Приходили к Юрию Григорьевичу стареющие, влюблённые в него актрисы. В него часто влюблялись. Он дорожил этим, пока отношения были красивыми. Но красоту жизни он любил больше, и если становилось тяжело… Если у его спутницы появлялась своя, не зависящая от него, боль — он не был способен долго и терпеливо поддерживать её. Самоотречение — да, ради спектакля, дела, но ради другого человека — нет.

Жена, после нескольких лет брака, смирилась с этим, и они стали жить — почти друзьями. Она довольствовалась тем, что считалась женой известного артиста. И не мешала ему — месяцами пропадать на гастролях, засиживаться ночами у друзей…

Он изучал людей, впитывал в себя чужие судьбы, чтобы у одного взять жест, у другого улыбку, у третьего — движение бровей.

Когда все расходились, он стелил постель, заваривал крепкий чай, снимал с полки книгу — и уходил в иной мир. Вот тут — не жалел сердца, мог и заплакать, и засмеяться, потому что автор был его брат — художник. И был замысел, очищенный от «шелухи», которая неизбежна в жизни. Читал Юрий Григорьевич, представляя внешне и стараясь понять персонажей, будто ему предстояло сыграть их. Иначе он уже не мог.


Сейчас он любовался Леной: очень женственна. Такие женщины были лет сорок-пятьдесят назад — без агрессивного подчёркивания своего пола. Ситцевый голубой халатик, перехваченный поясом, белокурая коса ниже пояса. Рост маленький, тянется на носках, ищет на верхней полке. Обернулась с книжкой в руках. Лёгкое, сухое золото бус шелестит вокруг шеи.


В ту же неделю он сделал ей полки. Чуткие, изящные руки его — были ещё и умелыми. Но у Лены опять вскипели слёзы на глазах: ей было жалко, что он свое время, тратит не на что-то высокое, а на то, как удобнее устроить её книжки.

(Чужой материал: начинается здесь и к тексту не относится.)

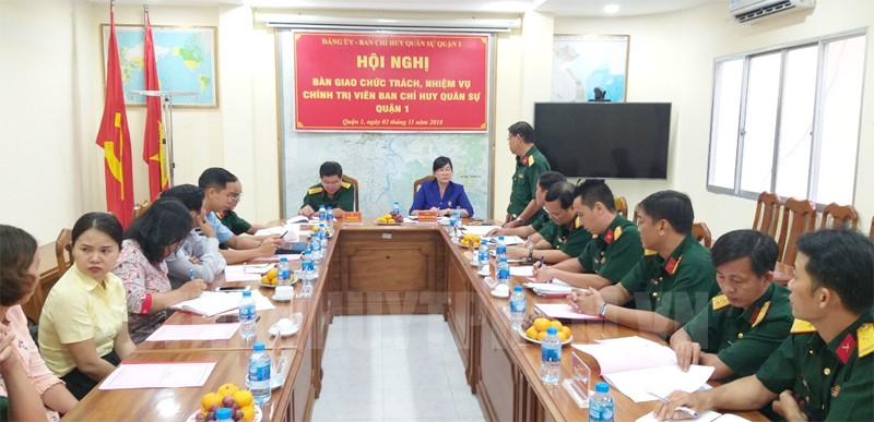 (Thanhuytphcm.vn) - Chiều ngày 2/11, Đảng ủy - Ban Chỉ huy Quân sự (CHQS) Quận 1 đã tổ chức bàn giao chức trách, nhiệm vụ Chính trị viên Ban CHQS quận. Dự buổi bàn giao có Đại tá Phan Văn Xựng, Phó Chính ủy Bộ Tư Lệnh Thành phố; đồng chí Hoàng Thị Tố Nga, Phó Bí thư Thường trực Quận ủy Quận 1 (ảnh).
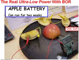 低功耗:便携化就意味着产品将对待机时间提出更多需求。在CMET2009上,来自TI的 MSP430微控制器业务发展经历刁勇展示了MSP430家族令人吃惊的功耗特征:仅仅用三小块苹果制成的生物电池就可以带动MSP430正常工作一到两个星期!
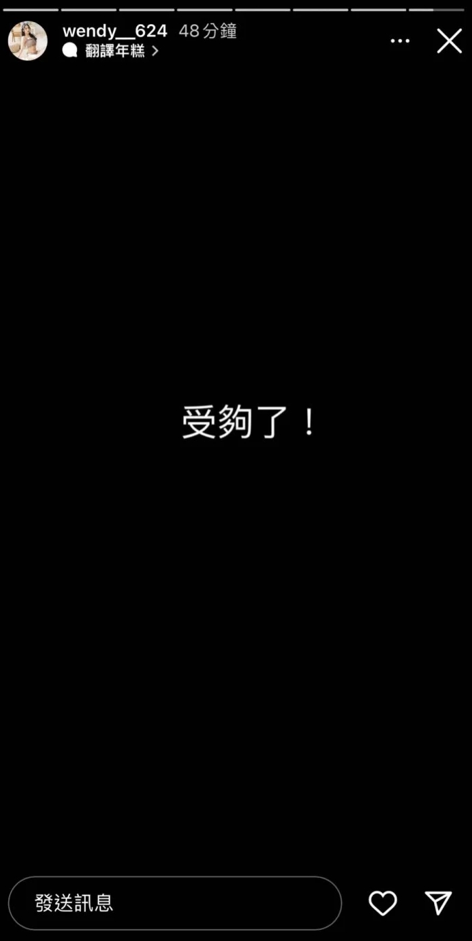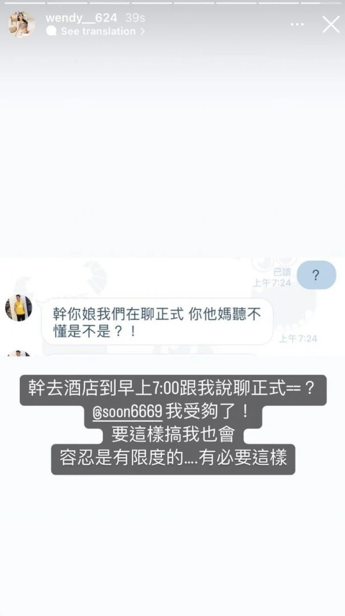 Wendy27日一早在IG限時動態怒罵:「受夠了!」隨後便公開與孫生的吵架內容,只見對方先是怒飆三字經並表示:「我們在聊正式(事),你他媽聽不懂是不是?!」而她則不滿回覆:「去酒店到早上7:00跟我說聊正式(事)?我受夠了!要這樣搞我也會,容忍是有限度的,有必要這樣?」不過當動態公開沒多久後,她便火速刪除,也沒有多做解釋。
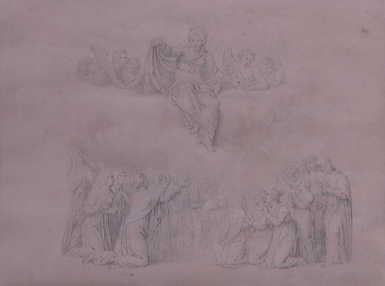 Nella parte alta del foglio, al centro, si trova la Madonna raffigurata seduta sulle nubi, con le gambe rivolte verso destra ed il volto rivolto verso sinistra; accanto a lei vi sono quattro angeli; in basso, disposti a semicerchio, si trovano alcune fanciulle, prevalentemente inginocchiate ed in atteggiamento di preghiera o di adorazione della Vergine.
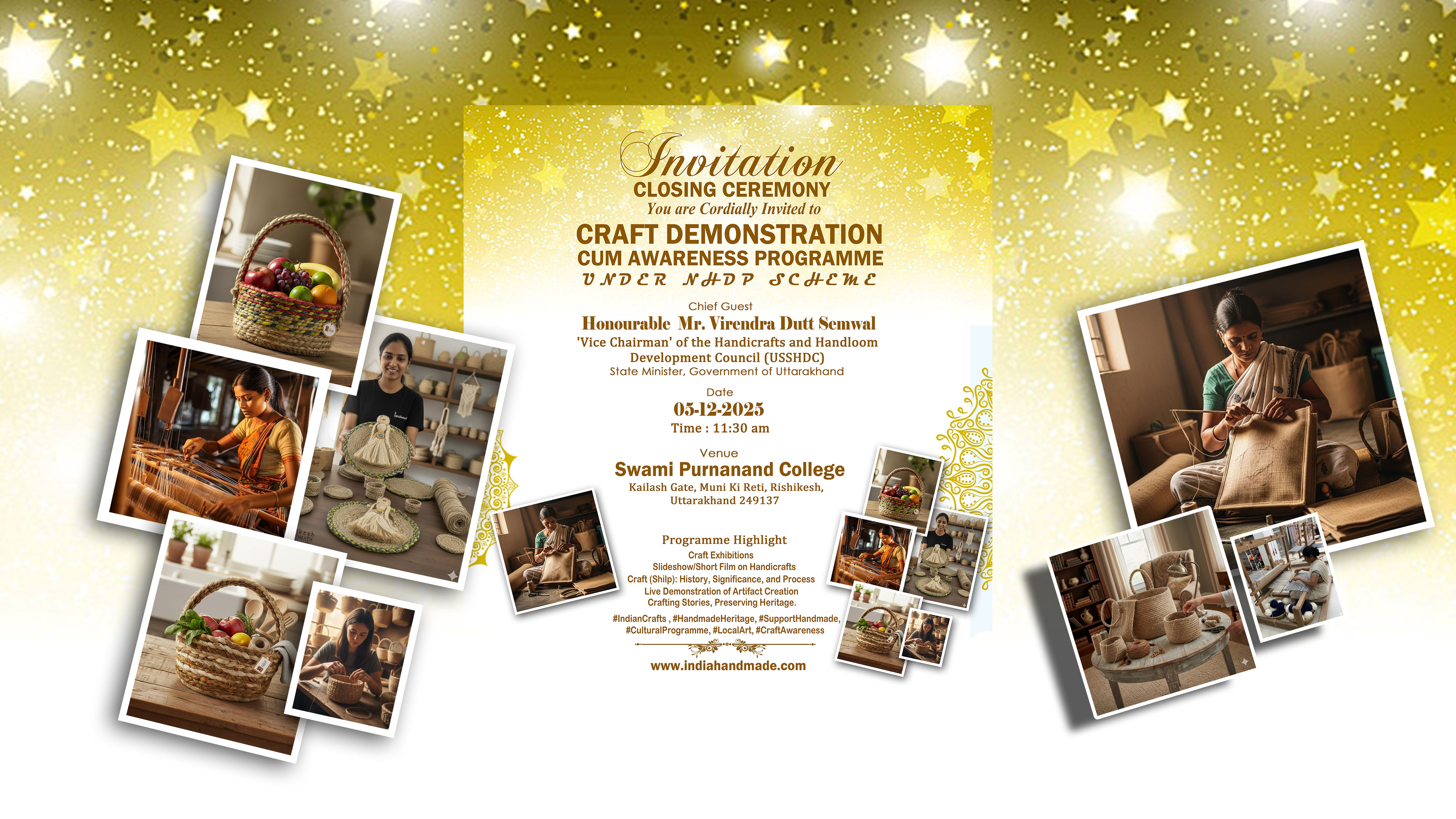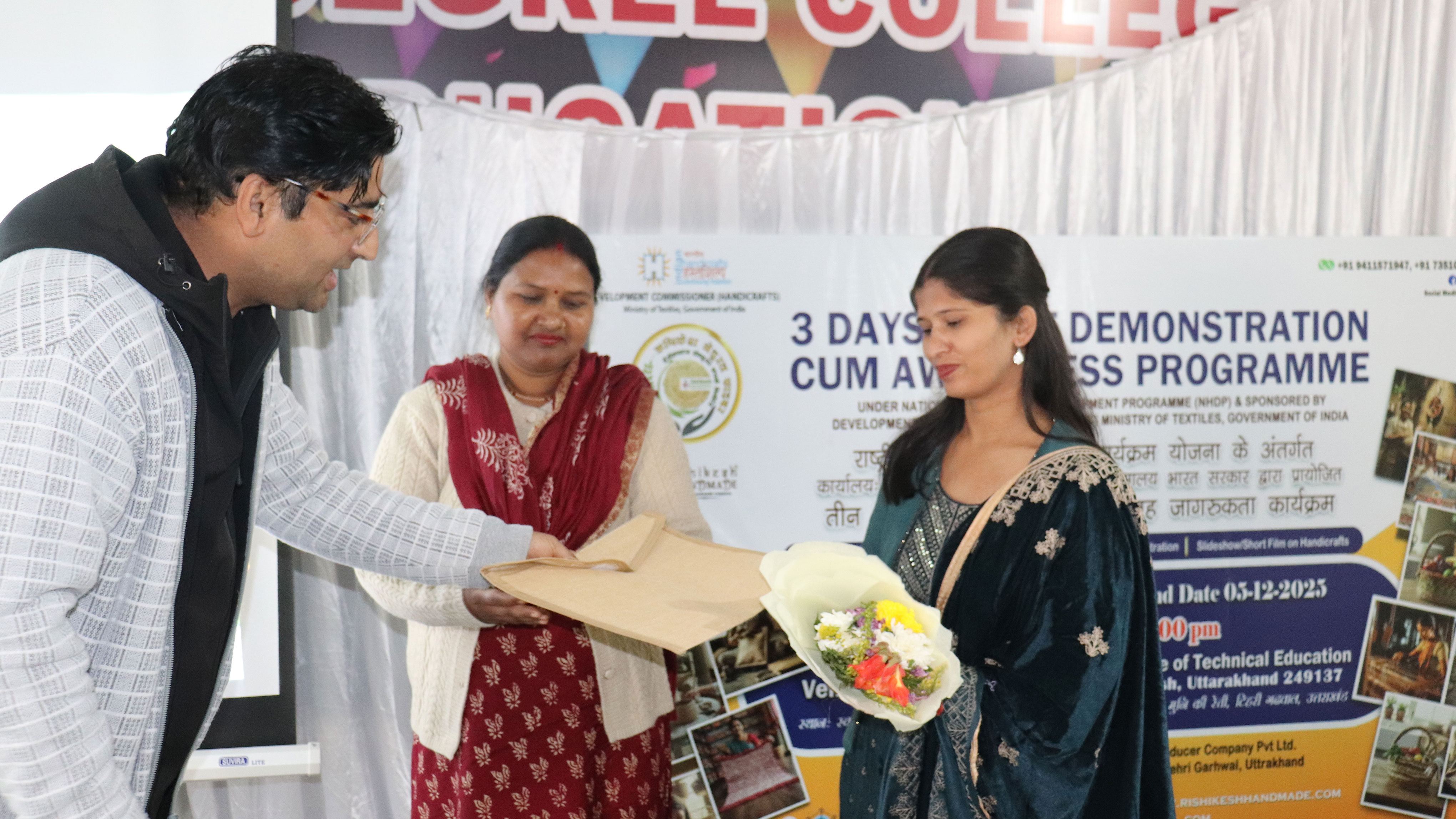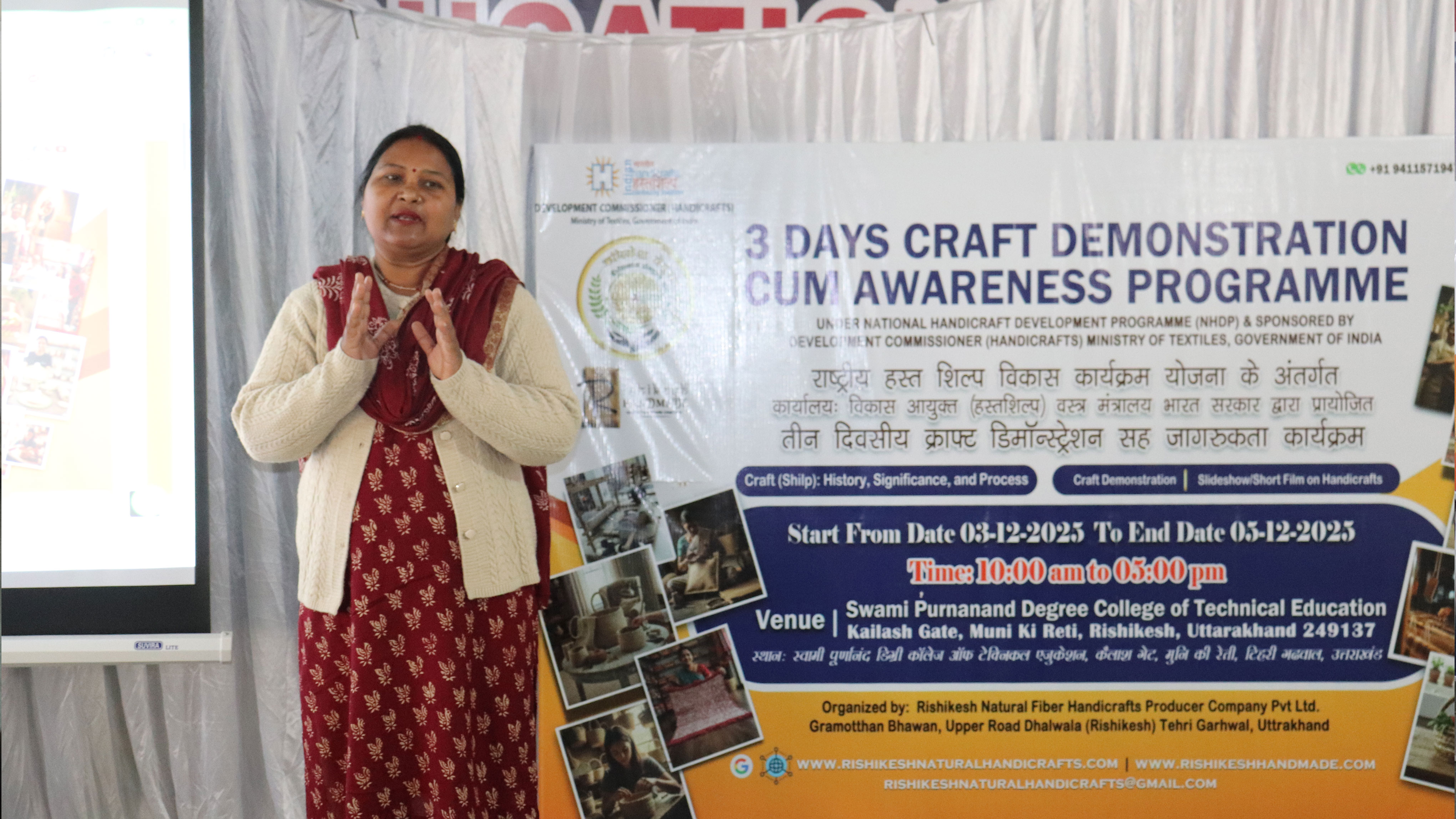The programme, sponsored by the Development Commissioner (Handicrafts), Ministry of Textiles, Government of India, and organized by M/s Rishikesh Natural Fiber Handicrafts Producer Company Limited, focused on showcasing handicraft demonstrations while also highlighting cultural well-being through Yoga, a core identity of Rishikesh.
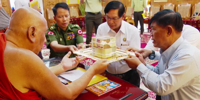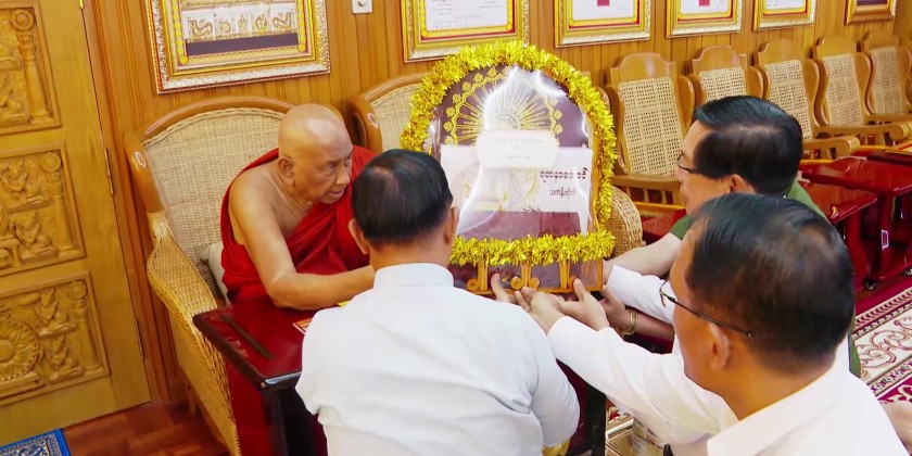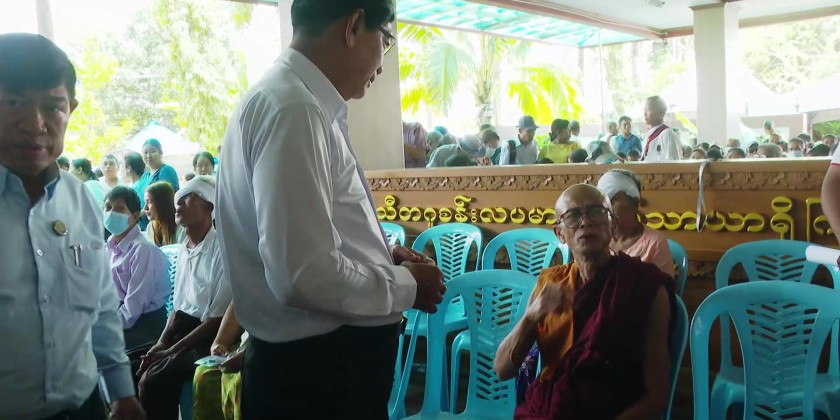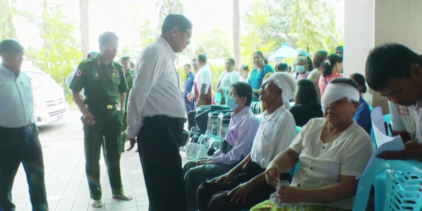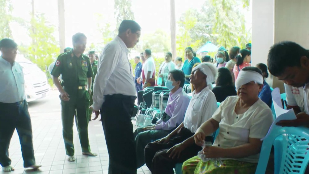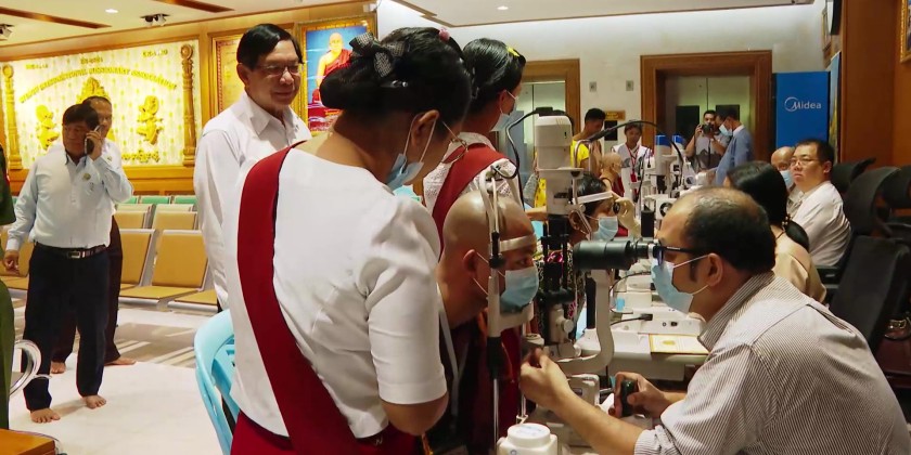 Yangon Region Chief Minister U Soe Thein and officials visited the hospital, paying respects to Sitagu Sayadaw Dr. Ashin Nyanissara and donated medical supplies and funds to support the treatment program. Specialist eye doctors conducted free check-ups and treatments according to each patient's needs.
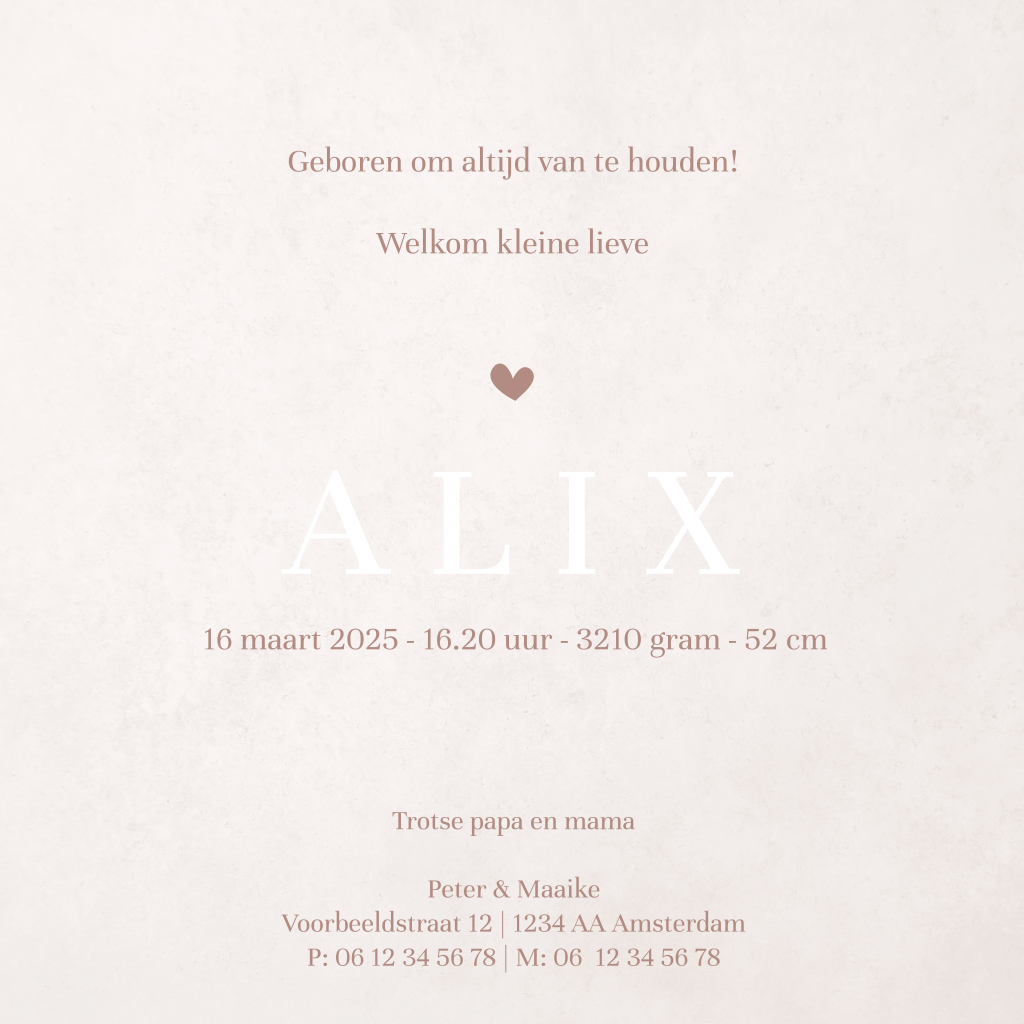 Roségoudfolie geboortekaart voor dochter met aardetinten
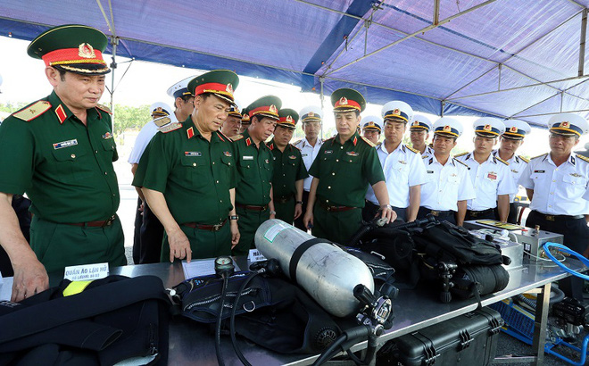 Thượng tướng Phan Văn Giang kiểm tra trang bị lặn tại Lữ đoàn 126 Hải quân. Ảnh: PV
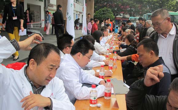 当天上午,在东莞石龙镇金沙湾购物广场和石龙汇联步行街广场,我校博士后联谊会会同东莞石龙镇石龙博爱医院的医生们,在石龙镇人群密集的广场举办义诊活动,吸引了不少市民前来问诊。博士后们将各自的专业知识和临床经验用到实处:心内科专业的博士后手握听诊器为市民们测血压、测脉搏,而来自妇科的博士后则耐心解答前来咨询的准妈妈们的疑惑。

А потом сложилось естественно, что они много и охотно стали друг другу помогать. Лена утром, без стеснения, стучала в соседнюю дверь.

— Юрий Григорьевич, я после работы в магазин забегу — вам что-то взять?

А вечером, разбирая сумки, говорила:

— Меня девочки на работе научили салат делать — я тут всё для него взяла. Сейчас попробую изобразить — не побоитесь отравиться?

Они садились за стол. Юрий Григорьевич ел все — чем только ни приходилось питаться на гастролях. Но он мог и оценить старания Лены — были в его жизни и дорогие рестораны, и кулинарные изыски. Да он вообще был чуток ко всему талантливому: будь то стихи, или удачно приготовленное блюдо.

Лена втянулась и радостно участвовала в его домашних делах. Говорила:

— Я нынче липкую ленту принесу: и мы все окна на зиму заклеим…

Или:

— Да ерунда какая — хлеба нет. Вот еще проблема: булочная-то внизу… Пять минут, сидите, Юрий Григорьевич.

В свою очередь, не было почти вечера, чтобы старый артист не постучался к ней с книгой, заложенной на том месте, которое ему хотелось прочесть. Или не упрекнул даже:

— Леночка, я чай уже заварил… Восьмой час — а вы не идёте…

Они пили чай, а могли и по рюмке вина — когда друзья приносили ему что-то хорошее: дорогой коньяк, или марочное крымское вино, и ему хотелось угостить Лену.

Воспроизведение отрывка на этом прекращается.